Dataset Type: Defines the dataset type in terms of its origin, context, observation, or type of measurement. The predefined list of dataset types is here below. If not predefined, the service provider can register the type based on version control. It is worth noting that each dataset type is associated with a set of tailored metadata relevant to the current type.

oSatellite observations: Satellite observation data encompasses a wide range of information collected by satellites orbiting the Earth, including images, measurements, and other data regarding the Earth’s atmosphere, land, oceans, and space environment. These data are obtained through various instruments and sensors mounted on satellites, capable of capturing visible light imagery, thermal images, microwave, and radar data, among others. Hereafter the required metadata for this kind of dataset:

Platform name: the name of the satellite platform. This field is set to “suggested” as it may be helpful when the platform name differs from the name used in the data description hierarchy. This metadata is indexed for keyword searches on the web portal.

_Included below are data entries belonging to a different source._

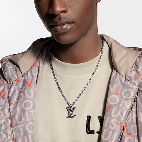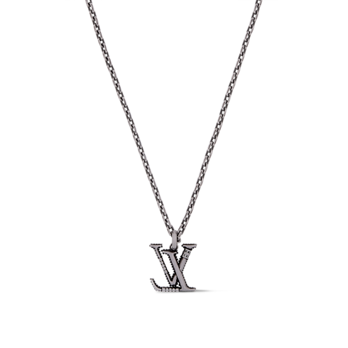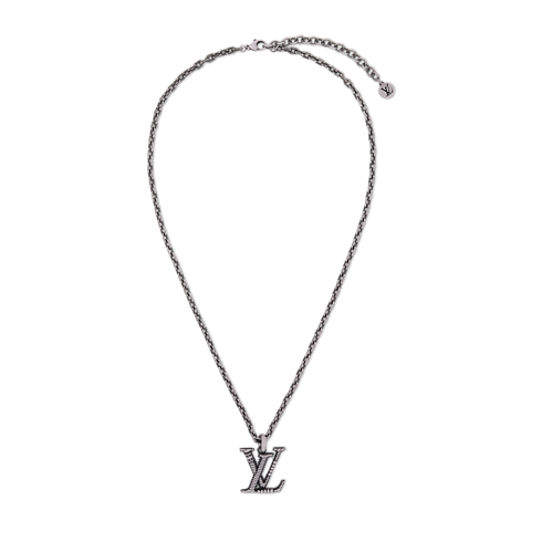 Das LV Whisper Anhänger mit Halskette ist ein ebenso majestätisches wie unverkennbares Schmuckstück. An der gedrehten Kette hängen die neu interpretierten Initialen mit guillochiertem Finish des Hauses Louis Vuitton. Dieser mit einem bandförmigen Design versehene Anhänger würdigt die traditionsreiche indische Handwerkskunst - das Ergebnis ist subtil und zugleich von einer unvergleichlichen Anziehungskraft.
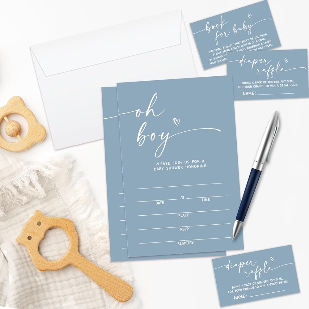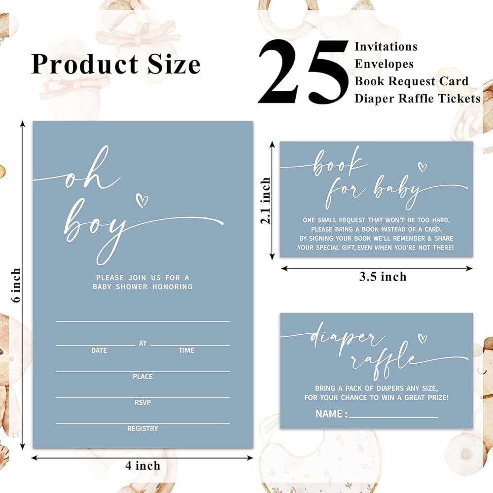 Quantity: A set of cards includes baby shower invitations, Book Request Card, Diaper Raffle Tickets and envelopes, each card is 25 pieces, enough for you to invite family and friends to the event.
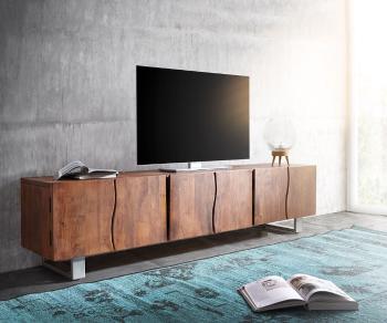 TV stolík Live Edge 200 cm akácia prírodná 4 dvierka 2 zásuvky

Processing level: the processing level with respect to the raw data. This metadata is indexed for keyword searches on the web portal. It can be omitted using the NA convention. Try to follow the convention Level-xx.

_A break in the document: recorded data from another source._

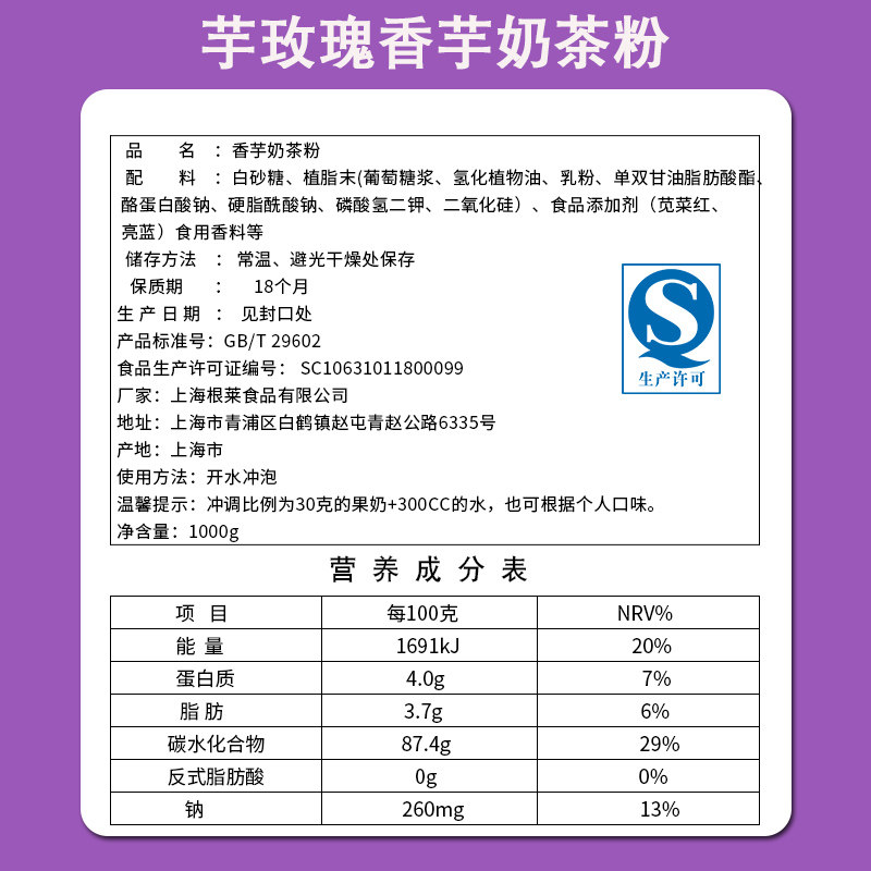 Taro Rose Taiwanese Dessert Ingredients Instant Taro Milk Tea Powder Milk Tea Shop Special Raw Material Fragrant Bag 1000g
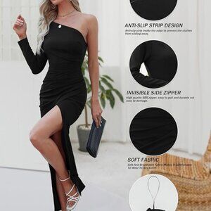 Sarin Mathews Womens One Shoulder Long Sleeve Cocktail Dresses Sexy Bodycon Ruched Wrap Split Party Formal Long Dress
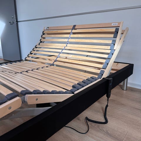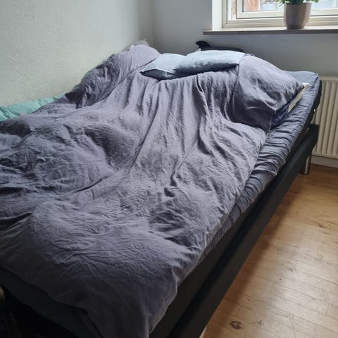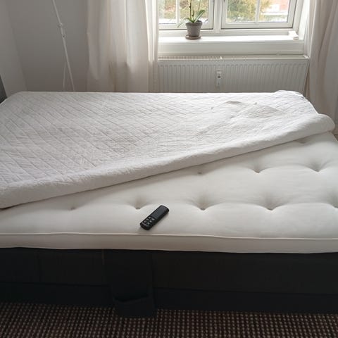 Elevationsseng 140 x 200, købt i 2022 hos Sejr dyner. Nypris 12.000kr incl topmadras. Medium hårdhed, med latex topmadras.
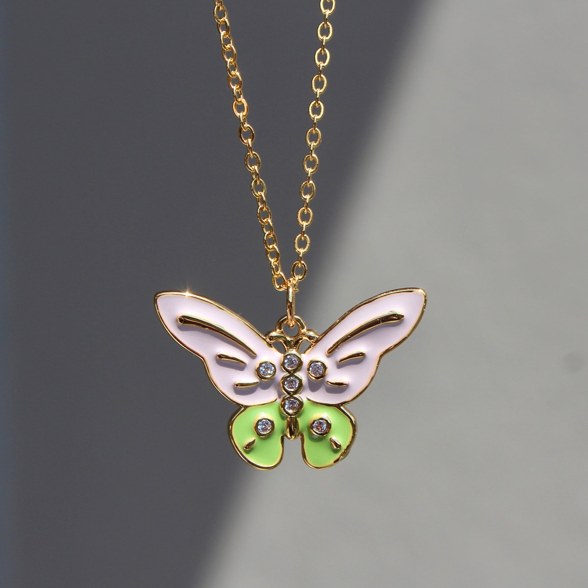 This necklace is composed of a 16" 24k gold plated chain with a colorful 27x18mm green and white enamel butterfly charm. The charm features embedded cubic zirconia stones which sparkle in the sun.

Sensor name: The name of the satellite sensor of the original data. This metadata is indexed for keyword searches on the web portal. It can be omitted using the NA convention.

Sensor type: the sensor type of the satellite. This metadata is indexed for keyword searches on the web portal. It can be omitted using the NA convention.

Projection type: It refers to the method used to represent the Earth’s three-dimensional surface on a two-dimensional map or image by the service. This metadata is indexed for keyword searches on the web portal. It can be omitted using the NA convention.

CRS: The Coordinate Reference System used by the service to offer the dataset. A widely used example is the Geographic Coordinate System (GCS), which uses latitude and longitude to define locations on the Earth. This metadata is indexed for keyword searches on the web portal. It can be omitted using the NA convention.

oComputational model: Computational model data refers to data generated from simulations run on computer models that represent physical, biological, chemical, or other types of systems using mathematical formulations. These models are used to study and predict complex phenomena that are difficult or impossible to observe directly. Hereafter the required metadata for this kind of dataset:

Model name: The name of the model from which the data originates as indicated by the source data owner/provider. This metadata is indexed for keyword searches on the web portal.

Model type: This field identifies which model has been used to obtain the dataset. Examples are Reanalysis, Simulation, Hybrid, Machine Learning, Artificial Intelligence, Digital Twin, Numerical, and Physics. This metadata is indexed for keyword searches on the web portal.

Model version: The model version the service uses to retrieve the dataset data. It is not used in the web portal but is used for traceability.

Last Update: The date of the last update of the model is as per source information. It is not used in the web portal but is used for traceability.

Projection type: It refers to the method used to represent the Earth’s three-dimensional surface on a two-dimensional map or image by the service. This metadata is indexed for keyword searches on the web portal. It can be omitted using the NA convention.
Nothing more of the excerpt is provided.